1984 film by Richard Lester

Finders Keepers is a 1984 American comedy film directed by Richard Lester, and starring Michael O'Keefe, Beverly D'Angelo, Brian Dennehy, Louis Gossett Jr. and Jim Carrey. It was adapted from Charles Dennis' 1974 novel The Next-to-Last Train Ride. The film opened on May 18, 1984, earning $865,207 during its first weekend in 753 theaters.

==Plot==
In 1973, Georgiana Latimer schemes with her lover, Josef Sirola, to steal five million dollars in cash from her father's safe. As Georgiana pretends to be a widow in mourning, she and Josef hide the loot in a coffin and plan to transport it by train to New York.

Elsewhere, young Michael Rangeloff is on the run from the irate women's roller derby team that he manages. Michael escapes by disguising himself in a U.S. Army uniform at the Oakland, California, train station, where two military officials assume he is accompanying the coffin. Meanwhile, Georgiana and Sirola have noticed Michael and follow him.

On board, Michael becomes friendly with scatterbrained actress, Standish Logan, and soon discovers the coffin contains millions of dollars. During a stop in Reno, Nevada, Michael telephones his friend, Century Milestone, an experienced conman, who later boards the train dressed as a minister. Meanwhile, the conductor makes an unplanned stop in High River, Nebraska, to deliver the deceased hero to his hometown. Michael and Century get off the train with the coffin, along with Standish, who plays the role of Biddlecoff's widow.

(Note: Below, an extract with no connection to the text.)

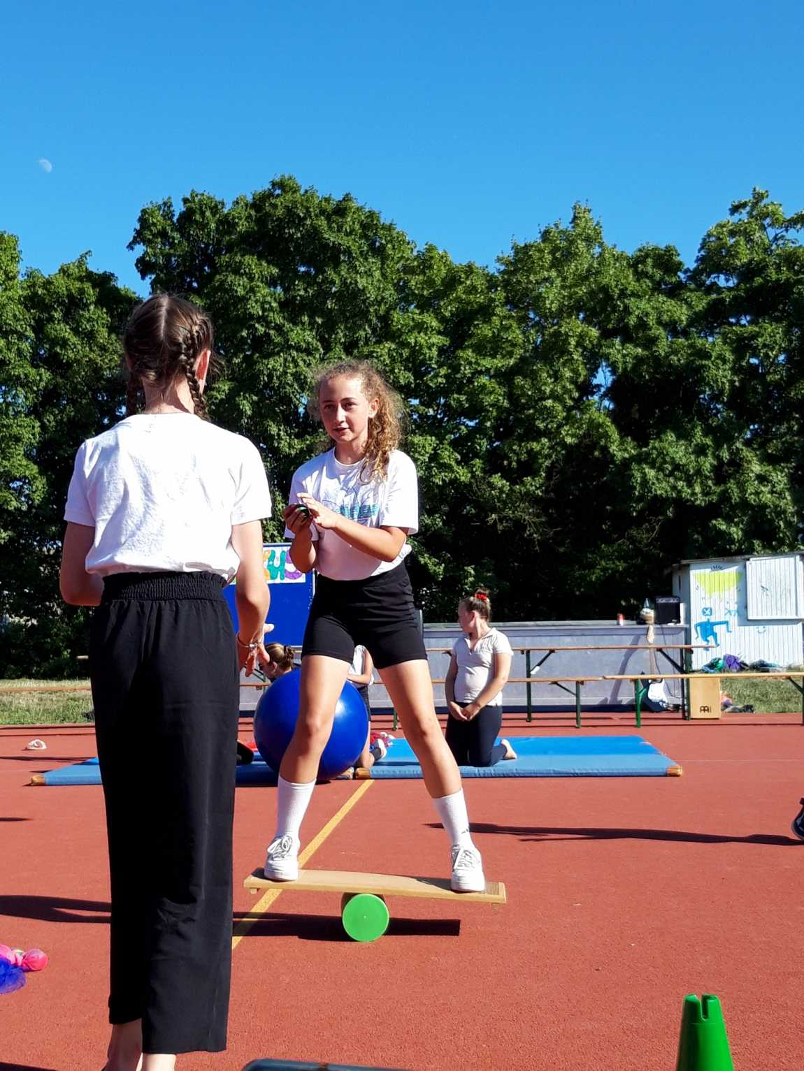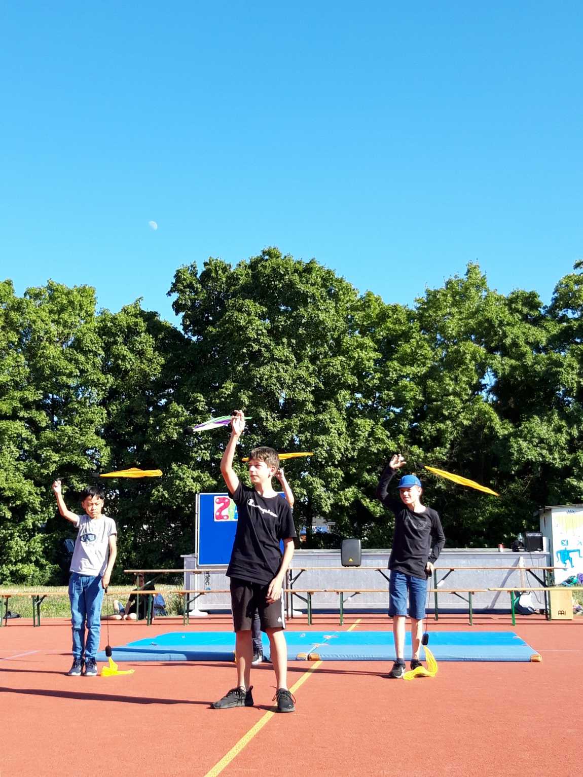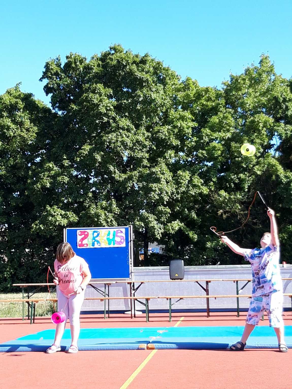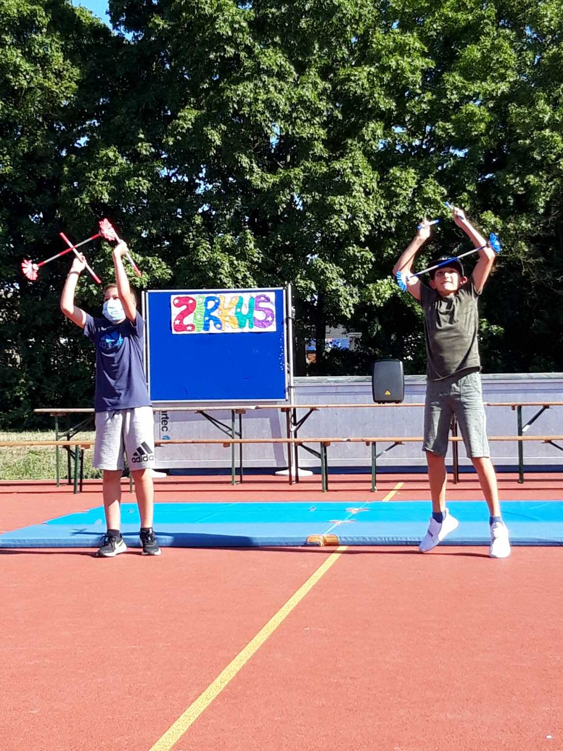 Innerhalb des Projektunterrichts konnten sich die Schüler*innen zunächst in ihren Neigungsgruppen einwählen. Da gab es Akrobaten, Balance Boards, Clowns, Jongleure, Zauberer und eine Poi-Gruppe.

After a quick funeral, Michael and Century unearth the money from the grave. In the meantime, Sirola, who was forced off the train earlier, learns about the hero's burial on television and travels to High River to retrieve the money. Georgiana also arrives in town but is arrested by FBI agent Ormond. When Michael and Century finish gathering the money, they discover Sirola has kidnapped Standish and taken her to an empty farmhouse. However, the home is a prefabricated dwelling, which is towed the next day. Michael and Century locate the moving house, take over from the driver, and confront Sirola. After Standish is rescued, she, Michael, and Century make a getaway with the five million dollars, while Sirola is arrested.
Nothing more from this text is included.